Pictures aside, write out every record exactly as it appears.

── Data for this exercise ──

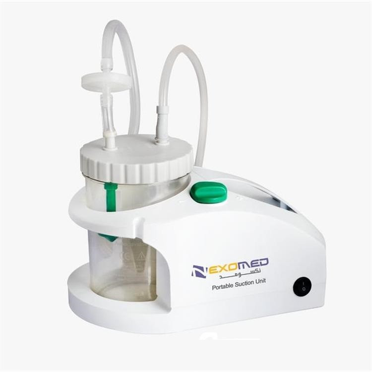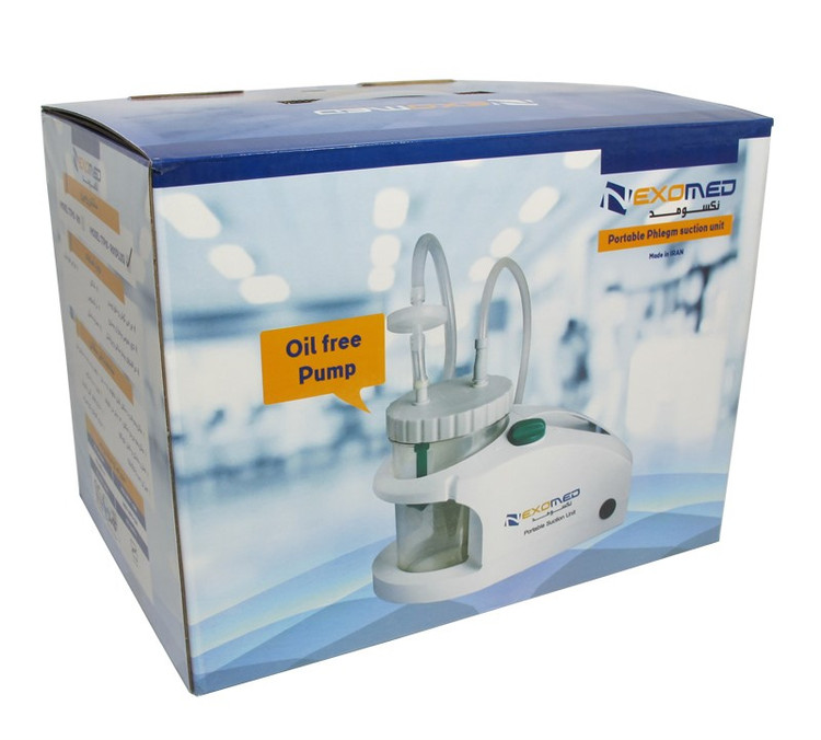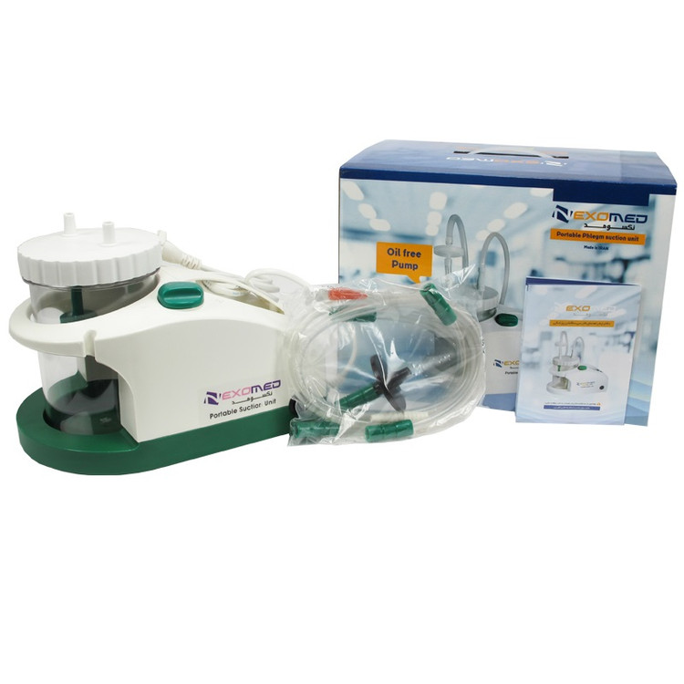 دستگاه ساکشن رو میزی پرتابل نکسومد ساخت ایران می باشد. این دستگاه تک شیشه ،دارای فیلتر آنتی باکتریال جهت جلوگیری از انتقال باکتری ها و نیز دارای جار یا محفظه جمع آوری مدرج و شفاف از جنس پلی کربنات که نشکن و قابل اتوکلاو کردن هست ، می باشد. بدنه دستگاه به رنگ سفید می باشد که دارای کلید روشن و خاموش کردن و نیز پیچ تنظیم قدرت مکش می باشد. داخل هر بسته یک عدد رابط ساکشن و یک سوند ساکشن سایز 16 و یک شیلینگ ساکشن می باشد. قدرت بالا و صدای کم و نیز لرزش مختصر و کارکرد آسان از مزایا این دستگاه می باشد. درب جار دستگاه دارای دو ورودی می باشد که یکی مخصوص شیلنگ متصل به فیلتر می باشد که به ورودی که متصل به شناور سبز رنگ می باشد و دومی به شیلنگ متصل به سوند ساکشن که روی درب بیمار حک شده وصل می شود. درب به صورت پیچی سفت می شود. این دستگاه دارای مجوز ساخت از اداره تجهیزات پزشکی ایران و تاییدیه استاندارد ایران میباشد.
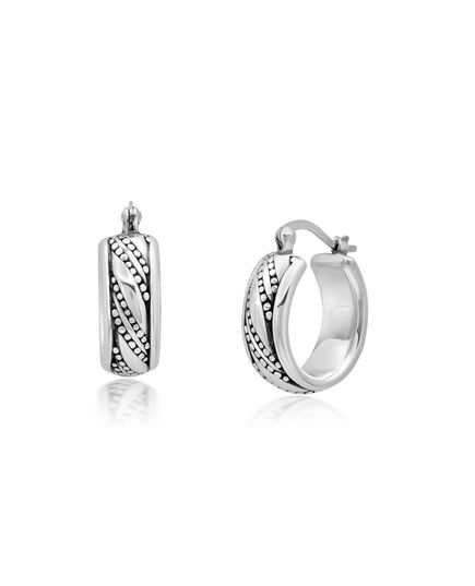 Sterling Silver Beaded Wave Hoop Earrings
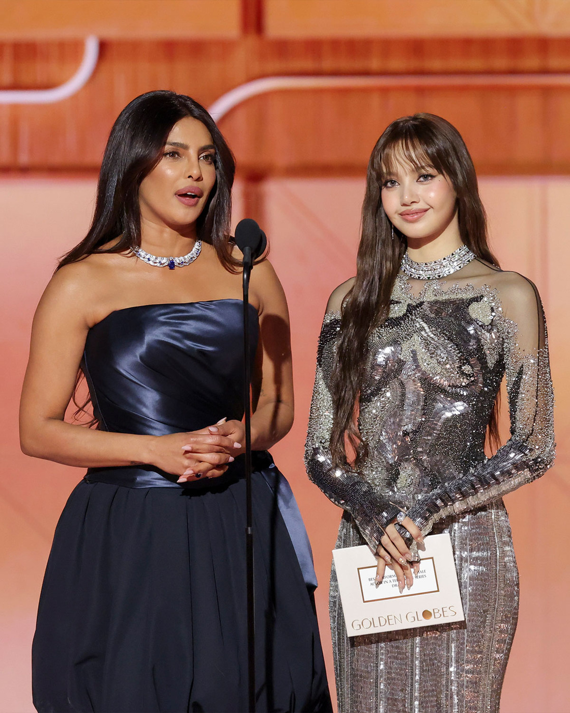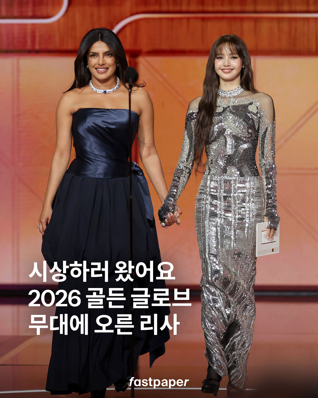 오늘은 시상하러 왔습니다. 2026 골든 글로브 시상식에 참석한 블랙핑크 리사가 시상자로 무대에 올랐어요. 레드 카펫에서는 선보인 검정 자크뮈스 드레스에 이어, 무대에서는 톰 브라운 2026 봄, 여름 착장을 입어 프리양카 초프라와 함께 남우주연상 부문을 시상했습니다.
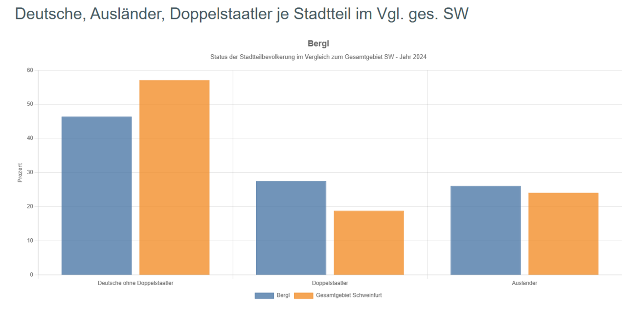 Die Gruppe der Doppelstaatler, macht 2024 einen Anteil von 27,5% aus (vgl. 2018 24%, 2014 23,4%, 2010 21,5%, 2003 14,8%), 8,7 Prozentpunkte höher als im Gesamtstadtgebiet mit 18,8% (vgl. 2018 19,8%, 2014 7,3 Prozentpunkte höher bei 16,1% des Gesamtstadtgebiets).
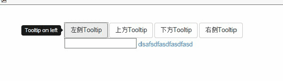 <div class="container" style="margin-top:40px;"> <div class="bs-example tooltip-demo"> <div class="bs-example-tooltips"> <button type="button" class="btn btn-default" data-toggle="tooltip" data-placement="left" title="Tooltip on left">左侧Tooltip</button> <button type="button" class="btn btn-default" data-toggle="tooltip" data-placement="top" title="Tooltip on top">上方Tooltip</button> <button type="button" class="btn btn-default" data-toggle="tooltip" data-placement="bottom" title="Tooltip on bottom">下方Tooltip</button> <button type="button" class="btn btn-default" data-toggle="tooltip" data-placement="right" title="Tooltip on right">右侧Tooltip</button> </div> </div> <input type="text" id="testt" rel="tooltip" title="123456" /> <a href="#" data-toggle="tooltip" title="Default tooltip" >dsafsdfasdfasdfasd</a> </div>

───

Exercise solution:
 دستگاه ساکشن رو میزی پرتابل نکسومد ساخت ایران می باشد. این دستگاه تک شیشه ،دارای فیلتر آنتی باکتریال جهت جلوگیری از انتقال باکتری ها و نیز دارای جار یا محفظه جمع آوری مدرج و شفاف از جنس پلی کربنات که نشکن و قابل اتوکلاو کردن هست ، می باشد. بدنه دستگاه به رنگ سفید می باشد که دارای کلید روشن و خاموش کردن و نیز پیچ تنظیم قدرت مکش می باشد. داخل هر بسته یک عدد رابط ساکشن و یک سوند ساکشن سایز 16 و یک شیلینگ ساکشن می باشد. قدرت بالا و صدای کم و نیز لرزش مختصر و کارکرد آسان از مزایا این دستگاه می باشد. درب جار دستگاه دارای دو ورودی می باشد که یکی مخصوص شیلنگ متصل به فیلتر می باشد که به ورودی که متصل به شناور سبز رنگ می باشد و دومی به شیلنگ متصل به سوند ساکشن که روی درب بیمار حک شده وصل می شود. درب به صورت پیچی سفت می شود. این دستگاه دارای مجوز ساخت از اداره تجهیزات پزشکی ایران و تاییدیه استاندارد ایران میباشد.
 Sterling Silver Beaded Wave Hoop Earrings
 오늘은 시상하러 왔습니다. 2026 골든 글로브 시상식에 참석한 블랙핑크 리사가 시상자로 무대에 올랐어요. 레드 카펫에서는 선보인 검정 자크뮈스 드레스에 이어, 무대에서는 톰 브라운 2026 봄, 여름 착장을 입어 프리양카 초프라와 함께 남우주연상 부문을 시상했습니다.
 Die Gruppe der Doppelstaatler, macht 2024 einen Anteil von 27,5% aus (vgl. 2018 24%, 2014 23,4%, 2010 21,5%, 2003 14,8%), 8,7 Prozentpunkte höher als im Gesamtstadtgebiet mit 18,8% (vgl. 2018 19,8%, 2014 7,3 Prozentpunkte höher bei 16,1% des Gesamtstadtgebiets).
 <div class="container" style="margin-top:40px;"> <div class="bs-example tooltip-demo"> <div class="bs-example-tooltips"> <button type="button" class="btn btn-default" data-toggle="tooltip" data-placement="left" title="Tooltip on left">左侧Tooltip</button> <button type="button" class="btn btn-default" data-toggle="tooltip" data-placement="top" title="Tooltip on top">上方Tooltip</button> <button type="button" class="btn btn-default" data-toggle="tooltip" data-placement="bottom" title="Tooltip on bottom">下方Tooltip</button> <button type="button" class="btn btn-default" data-toggle="tooltip" data-placement="right" title="Tooltip on right">右侧Tooltip</button> </div> </div> <input type="text" id="testt" rel="tooltip" title="123456" /> <a href="#" data-toggle="tooltip" title="Default tooltip" >dsafsdfasdfasdfasd</a> </div>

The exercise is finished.